А сейчас как раз зима, глухой, неуютный рассвет, когда с трудом верится, что в овчарне стучат почти четыре сотни горячих сердец - работает четыреста неразумных мельничек - в том числе и новорожденного, который очень скоро будет отзываться на кличку Репейка по милости старой Репейки и Мате Галамба.

Сам новорожденный этого, конечно, не знает, ведь он только что появился на свет, только-только начал существовать.

Ветер утих, петух голоден и потому дерзко кукарекает, торопит рассвет. Впрочем, будем справедливы: он торопил бы рассвет, если б и не был голоден. Таков его обычай. Отчего так и зачем, он пока никому не поведал, да и вряд ли поведает. В деревне всегда кажется, что эти рыцари при шпорах просто весть подают друг другу, но здесь-то к кому он взывает? Далеко окрест нет и в помине второго петуха, только у бродячих лис текут слюнки при звуках его трубного голоса. А это может обернуться и бедою: лиса запомнит рассветного певца, а по весне явится, чего доброго, с визитом среди бела дня… да-да, именно среди бела дня, как ни кажется это невероятным. Весной вокруг овчарни уже не так голо, к тому ж лиса знает, когда устроить набег и сколько надобно времени, чтобы, ухватив певца с гребешком, успеть добраться до леса. Риск отчаянный, но у лисы детеныши, и этим все сказано.

Зато Маришке тогда опять забота - нового петуха раздобыть, хотя досадует она только для виду: ведь петуха выбирать надо с толком, а значит, не обойтись без совещаний с дальними соседками, без долгих обстоятельных пересудов, вдове же, мыкающейся между двух молчунов-мужчин, все это необходимо как воздух.

Однако не будем малевать черта на стене, вернее, лису на снегу. Лисам здесь взяться неоткуда - одни только куры подслеповато моргают в темноте да потягивается Чампаш и встряхивает головой, как будто хочет вытрясти из обоих длинных своих ушей голос рассветного трубача.

Но время, этот раб с механической душой, не останавливается, ибо остановиться не может. Из тьмы проступают деревья, углы овчарни, и на спинах холмов, на их серых монашеских хламидах полощется рассвет.

Вот стукнула дверная щеколда, дверь отворилась, старый пастух на минуту остановился в проеме. Посмотрел на небо, втянул носом воздух, поскреб щетину на подбородке, потом, глядя перед собой, сопоставил все утренние приметы и решил, что погода не изменится. Небольшой ветер, пожалуй, будет, но холоднее не станет, и снегом в воздухе не пахнет. Так-то и лучше. Достаточно уж выпало снега, и для посевов хватит, и для пастбищ.

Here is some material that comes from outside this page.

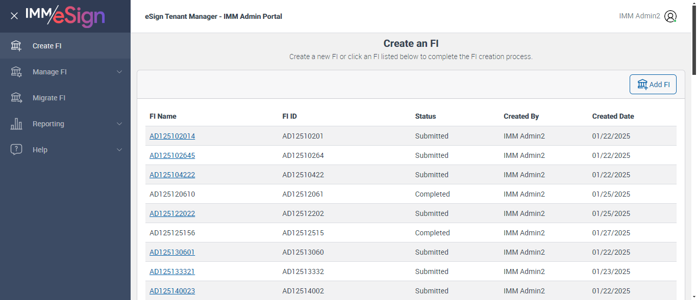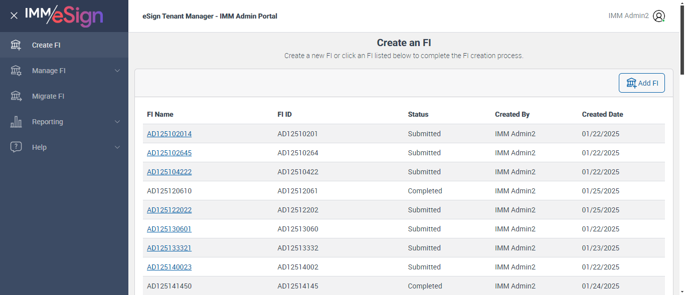 Successfully navigated to 'Create an FI' page [ScreenShot]

Старый пастух откашлялся, сплюнул куда попало - на том прочистка горла и кончилась.

В овчарне было еще темно, старый Галамб зажег фонарь и осмотрелся. Бараны лениво потягивались, вожак обнюхал руку пастуха и все поглядывал на него, словно бы говоря:

- Ночью ничего особенного не произошло, - и, пристроившись рядом с верховным командующим, готов уже был сопровождать его, как унтер-офицер капитана на смотру.

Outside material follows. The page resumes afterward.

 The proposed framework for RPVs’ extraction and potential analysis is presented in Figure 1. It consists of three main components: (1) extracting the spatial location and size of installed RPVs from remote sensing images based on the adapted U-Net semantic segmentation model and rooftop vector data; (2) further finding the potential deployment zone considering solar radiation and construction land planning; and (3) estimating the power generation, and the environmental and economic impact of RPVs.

Но пастуху чего-то не хватает.

Чего бы это? Ага! Где собака?

- Репейка!

Тишина. Бараны вскинули головы, Галамб посмотрел на вожака, но и тот не знал, куда запропастилась собака.

- Репейка!

В углу послышалось какое-то шевеление, а означало оно: "Я здесь, но подойти, увы, не могу…"

- Тьфу, пропасть, уж не ощенилась ли? А ведь по тебе и не видать было…

И вот большая старая рука потянулась к собачьему ложу; Репейка встретила ее слабым ворчаньем, но при этом и лизнула, показывая, что ворчит просто для порядка, так как знает, кто перед нею. Любую другую руку она сейчас непременно укусила бы, что вполне естественно, но укусить эту руку немыслимо.